* Exercise brief *
Please, without the pictures, restate every entry exactly.

* Material provided *
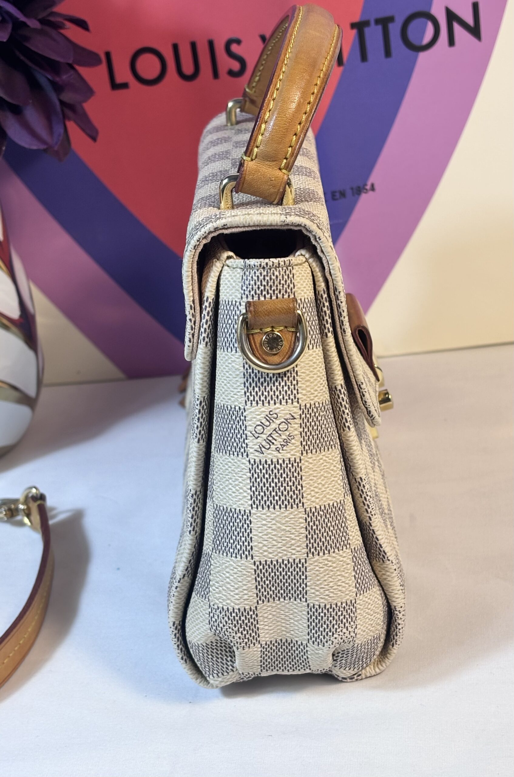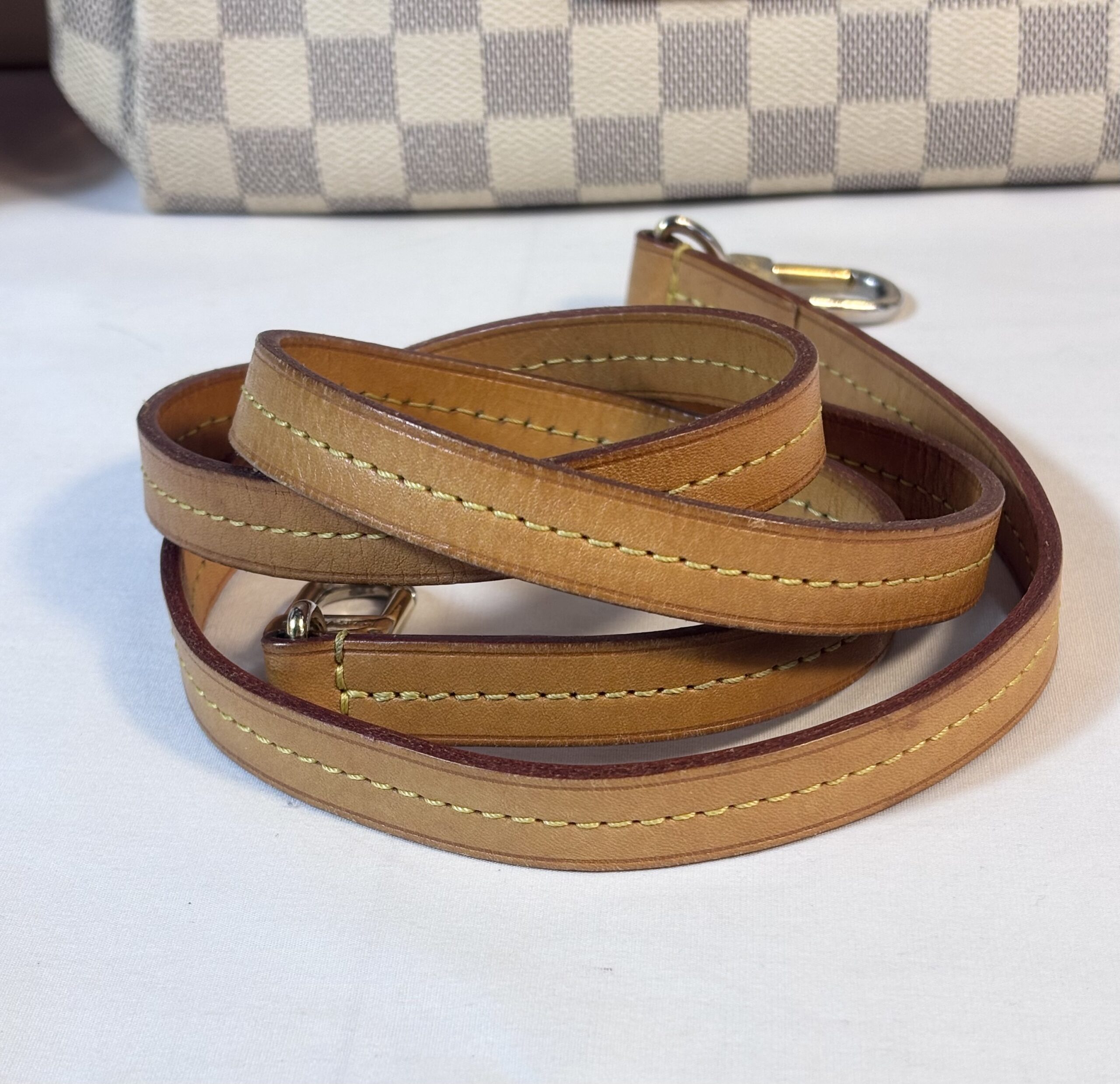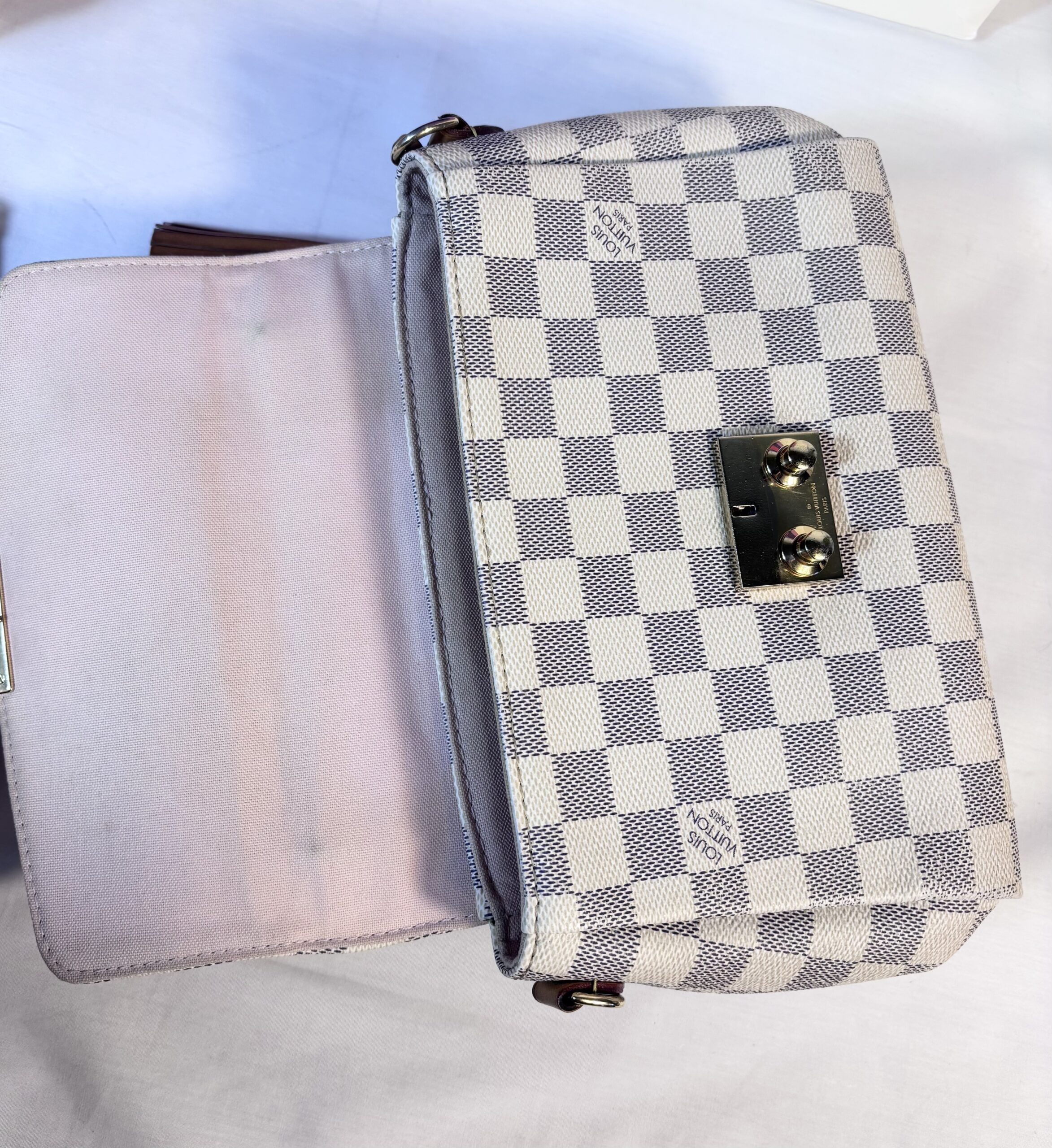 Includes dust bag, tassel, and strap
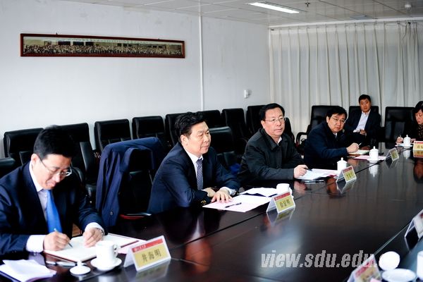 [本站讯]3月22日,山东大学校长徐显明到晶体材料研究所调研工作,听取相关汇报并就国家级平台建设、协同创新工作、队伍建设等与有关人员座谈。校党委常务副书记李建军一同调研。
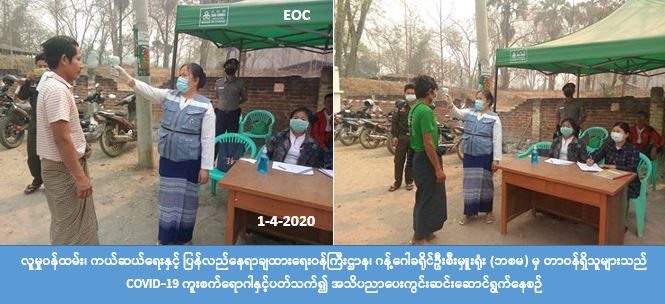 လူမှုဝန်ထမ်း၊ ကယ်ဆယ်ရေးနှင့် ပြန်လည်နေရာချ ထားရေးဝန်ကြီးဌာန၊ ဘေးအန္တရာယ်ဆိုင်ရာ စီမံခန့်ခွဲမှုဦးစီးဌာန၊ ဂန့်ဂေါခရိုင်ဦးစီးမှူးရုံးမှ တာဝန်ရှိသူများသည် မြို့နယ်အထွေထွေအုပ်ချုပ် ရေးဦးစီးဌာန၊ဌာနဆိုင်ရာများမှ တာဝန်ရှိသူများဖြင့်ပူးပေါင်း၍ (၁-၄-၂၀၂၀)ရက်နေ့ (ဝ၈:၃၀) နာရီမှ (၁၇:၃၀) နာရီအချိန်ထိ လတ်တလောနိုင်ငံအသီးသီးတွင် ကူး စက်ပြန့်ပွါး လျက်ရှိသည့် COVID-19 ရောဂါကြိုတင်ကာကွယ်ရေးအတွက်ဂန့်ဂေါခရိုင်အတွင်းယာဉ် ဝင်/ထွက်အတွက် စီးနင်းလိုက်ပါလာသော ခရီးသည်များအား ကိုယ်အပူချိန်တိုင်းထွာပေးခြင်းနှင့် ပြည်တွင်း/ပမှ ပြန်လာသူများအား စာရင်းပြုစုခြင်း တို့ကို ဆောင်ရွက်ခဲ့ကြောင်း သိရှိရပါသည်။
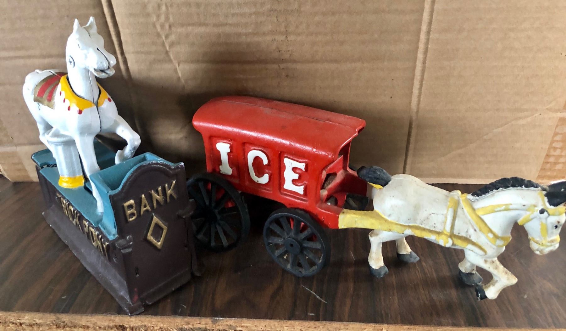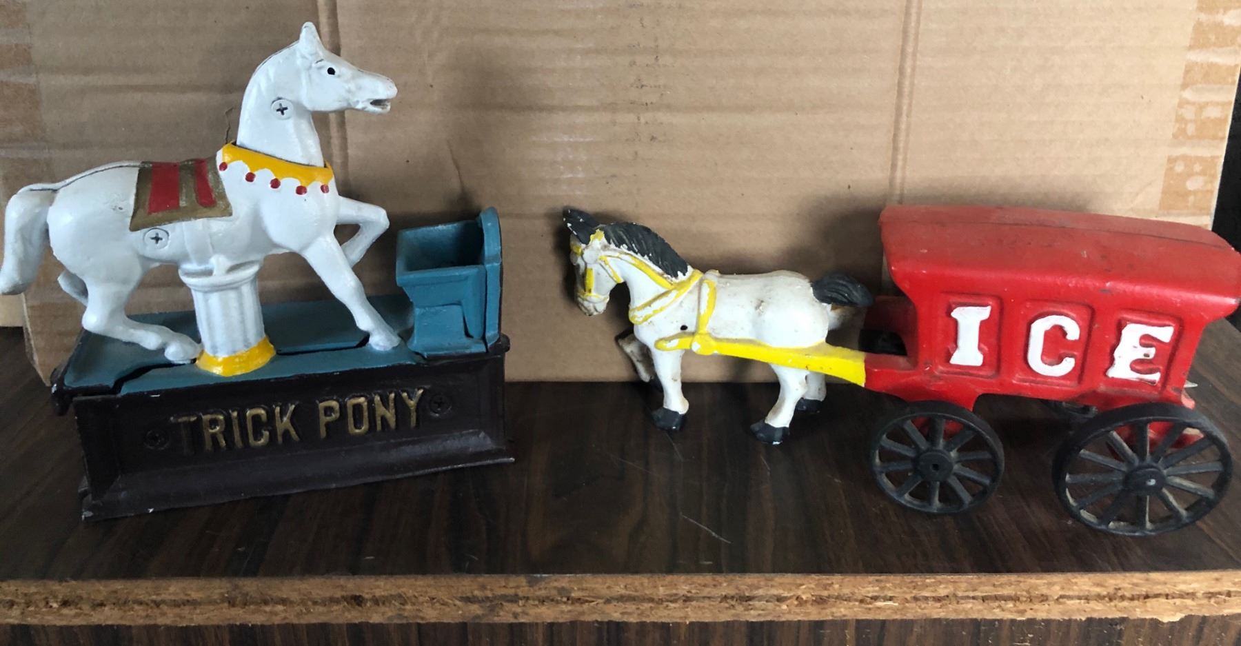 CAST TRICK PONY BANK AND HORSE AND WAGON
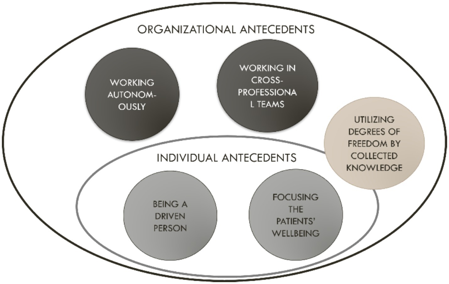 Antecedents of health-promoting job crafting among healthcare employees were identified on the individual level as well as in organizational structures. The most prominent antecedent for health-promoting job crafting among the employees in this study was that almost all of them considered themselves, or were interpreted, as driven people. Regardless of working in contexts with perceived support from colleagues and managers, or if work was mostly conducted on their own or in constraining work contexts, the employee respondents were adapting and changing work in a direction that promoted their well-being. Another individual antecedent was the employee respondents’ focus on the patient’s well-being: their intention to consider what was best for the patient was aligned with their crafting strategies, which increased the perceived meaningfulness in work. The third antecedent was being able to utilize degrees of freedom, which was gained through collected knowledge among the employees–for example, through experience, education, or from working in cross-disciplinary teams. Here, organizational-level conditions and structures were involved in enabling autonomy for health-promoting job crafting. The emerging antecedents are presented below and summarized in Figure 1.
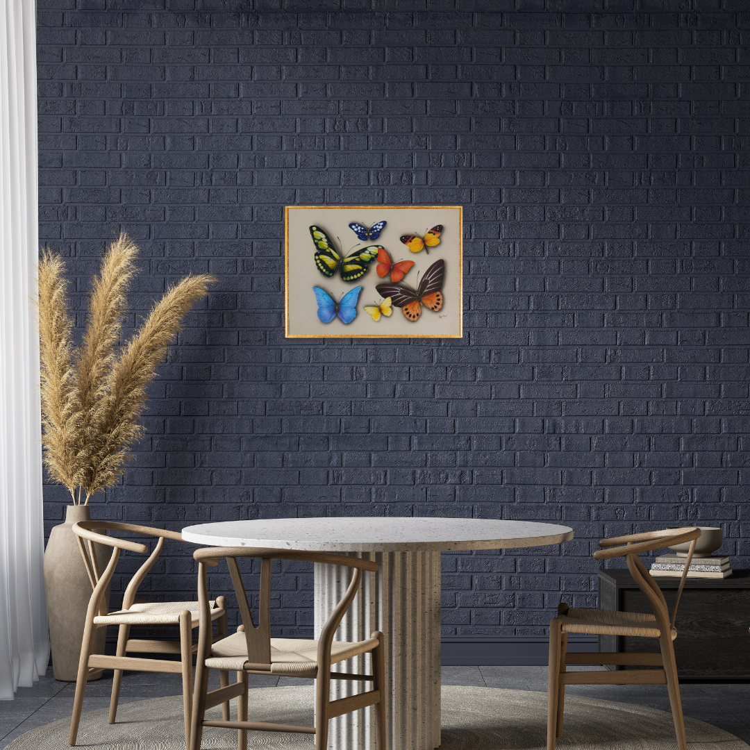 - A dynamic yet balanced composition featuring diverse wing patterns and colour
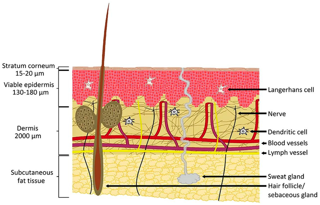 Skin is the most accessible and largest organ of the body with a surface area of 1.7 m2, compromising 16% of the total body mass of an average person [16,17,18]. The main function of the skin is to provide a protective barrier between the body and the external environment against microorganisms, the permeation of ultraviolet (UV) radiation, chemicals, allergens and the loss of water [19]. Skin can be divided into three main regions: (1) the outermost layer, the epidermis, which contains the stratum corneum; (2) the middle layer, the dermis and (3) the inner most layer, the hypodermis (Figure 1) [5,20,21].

* Result of this exercise *
 Includes dust bag, tassel, and strap
 [本站讯]3月22日,山东大学校长徐显明到晶体材料研究所调研工作,听取相关汇报并就国家级平台建设、协同创新工作、队伍建设等与有关人员座谈。校党委常务副书记李建军一同调研。
 လူမှုဝန်ထမ်း၊ ကယ်ဆယ်ရေးနှင့် ပြန်လည်နေရာချ ထားရေးဝန်ကြီးဌာန၊ ဘေးအန္တရာယ်ဆိုင်ရာ စီမံခန့်ခွဲမှုဦးစီးဌာန၊ ဂန့်ဂေါခရိုင်ဦးစီးမှူးရုံးမှ တာဝန်ရှိသူများသည် မြို့နယ်အထွေထွေအုပ်ချုပ် ရေးဦးစီးဌာန၊ဌာနဆိုင်ရာများမှ တာဝန်ရှိသူများဖြင့်ပူးပေါင်း၍ (၁-၄-၂၀၂၀)ရက်နေ့ (ဝ၈:၃၀) နာရီမှ (၁၇:၃၀) နာရီအချိန်ထိ လတ်တလောနိုင်ငံအသီးသီးတွင် ကူး စက်ပြန့်ပွါး လျက်ရှိသည့် COVID-19 ရောဂါကြိုတင်ကာကွယ်ရေးအတွက်ဂန့်ဂေါခရိုင်အတွင်းယာဉ် ဝင်/ထွက်အတွက် စီးနင်းလိုက်ပါလာသော ခရီးသည်များအား ကိုယ်အပူချိန်တိုင်းထွာပေးခြင်းနှင့် ပြည်တွင်း/ပမှ ပြန်လာသူများအား စာရင်းပြုစုခြင်း တို့ကို ဆောင်ရွက်ခဲ့ကြောင်း သိရှိရပါသည်။
 CAST TRICK PONY BANK AND HORSE AND WAGON
 Antecedents of health-promoting job crafting among healthcare employees were identified on the individual level as well as in organizational structures. The most prominent antecedent for health-promoting job crafting among the employees in this study was that almost all of them considered themselves, or were interpreted, as driven people. Regardless of working in contexts with perceived support from colleagues and managers, or if work was mostly conducted on their own or in constraining work contexts, the employee respondents were adapting and changing work in a direction that promoted their well-being. Another individual antecedent was the employee respondents’ focus on the patient’s well-being: their intention to consider what was best for the patient was aligned with their crafting strategies, which increased the perceived meaningfulness in work. The third antecedent was being able to utilize degrees of freedom, which was gained through collected knowledge among the employees–for example, through experience, education, or from working in cross-disciplinary teams. Here, organizational-level conditions and structures were involved in enabling autonomy for health-promoting job crafting. The emerging antecedents are presented below and summarized in Figure 1.
 - A dynamic yet balanced composition featuring diverse wing patterns and colour
 Skin is the most accessible and largest organ of the body with a surface area of 1.7 m2, compromising 16% of the total body mass of an average person [16,17,18]. The main function of the skin is to provide a protective barrier between the body and the external environment against microorganisms, the permeation of ultraviolet (UV) radiation, chemicals, allergens and the loss of water [19]. Skin can be divided into three main regions: (1) the outermost layer, the epidermis, which contains the stratum corneum; (2) the middle layer, the dermis and (3) the inner most layer, the hypodermis (Figure 1) [5,20,21].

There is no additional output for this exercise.